ANOTHER star fares better in Gavin Lambert's grand, exhaustive ``Norma Shearer,'' which is as much about the old studio days as it is about the widow of MGM's renowned Irving Thalberg. Though he never fully explains Shearer's apotheosis in Hollywood heaven, Lambert - a novelist and screenwriter with a deep romantic sense and a movingly elegant style - pegs her as proof of what the old system could do when it was fully cranked up.

And MGM worked hard at handling the Canadian-born Shearer, whose spindly legs, oversized head, and pale, squinting eyes demanded special attention, which, as the boss's wife, she always got.

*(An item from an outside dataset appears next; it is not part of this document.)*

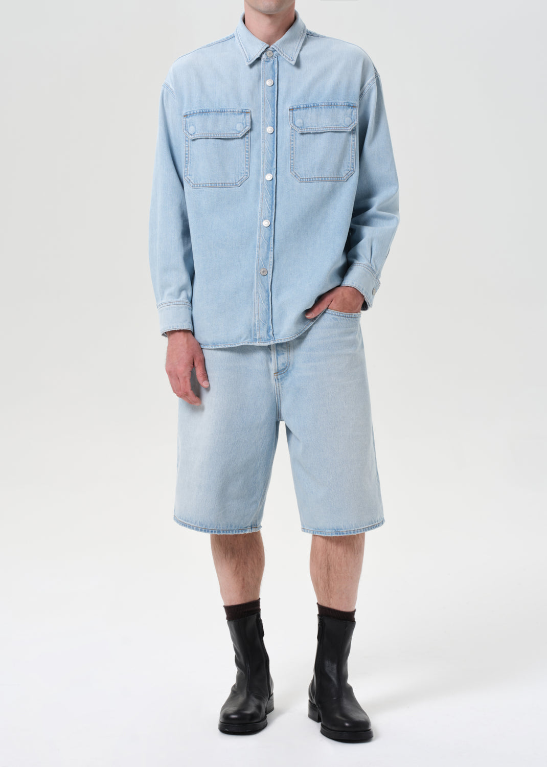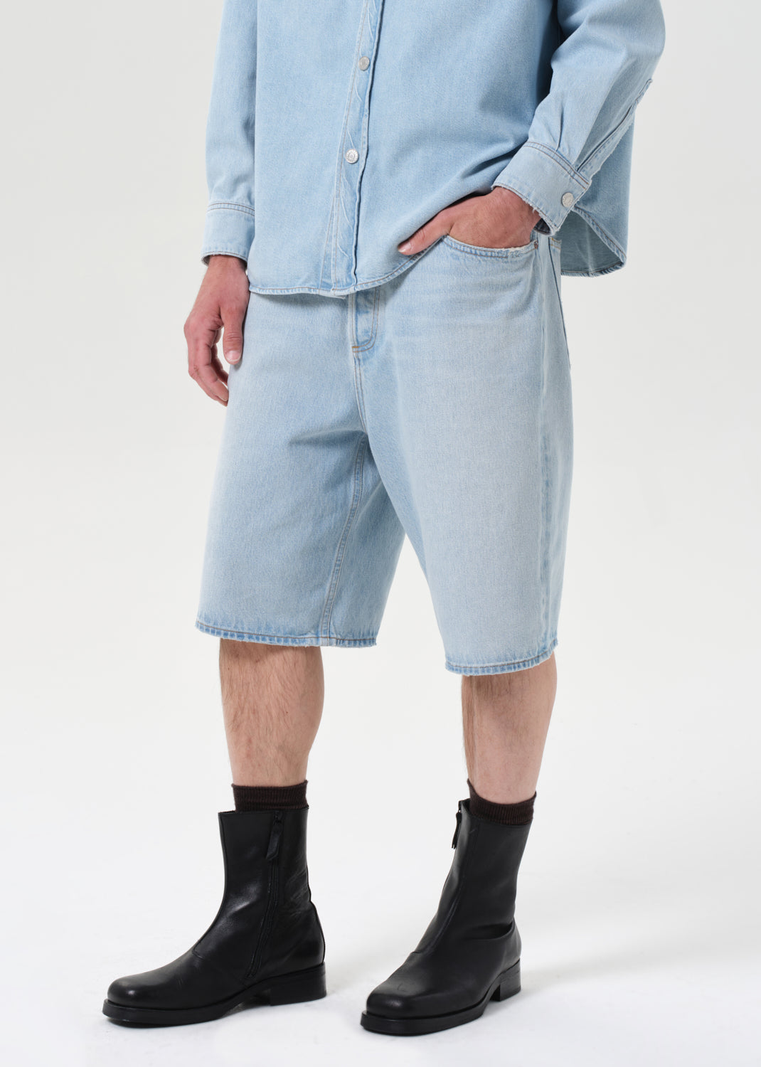 Skate short with an over the knee inseam giving a relaxed silhouette.

Lambert places Shearer as an accomplished, if limited, actress overshadowed by her powerful husband, yet thriving because of him.

Born in 1902, she was in films from 1920 to ``Her Cardboard Lover'' in 1942. Her best known roles were in ``Marie Antoinette,'' ``The Women,'' ``Idiot's Delight,'' and as the vastly overaged lover in ``Romeo and Juliet.''

Long after her 1942 marriage to Martin Arrouge, her unsung role for MGM insiders was that of Mrs. Thalberg - the woman who had defeated the raging Louis B. Mayer over her late husband's contract.

That determination, presented in what appeared to be a vulnerable (but, as Lambert reveals, carefully crafted) package, gives ``Norma Shearer'' the kind of texture seldom found in Hollywood biographies. Lambert cuts cleanly through the hype, while also acknowledging it. He has written a valuable book about the star system that happens, almost incidentally, to focus on one of its most successful products.

Since fame is what most actors crave, they tend to generate whatever publicity will secure it. Little of this is annotated and much of it is contradictory.

Movie biographers must overcome data as simple as false birth dates or as malicious as false credits. They are thrown off by arranged romantic affairs, wishful salary figures, wasted projects, and blithe statements uttered to some slavish writer sweating a deadline, and, of course, the hiring of press agents to slip lies into the newspapers.

Meanwhile, nobody wants to read about, say, the obscure sound recordist who may nevertheless have witnessed 50 years of real studio history.

More than traditional biography, the responsibility of Hollywood biography has been ceded to star-struck fans or dutiful reporters, but rarely scholars. That may be grand testimony to the allure of the movies, but history - unlike film - is not made of light and shadow.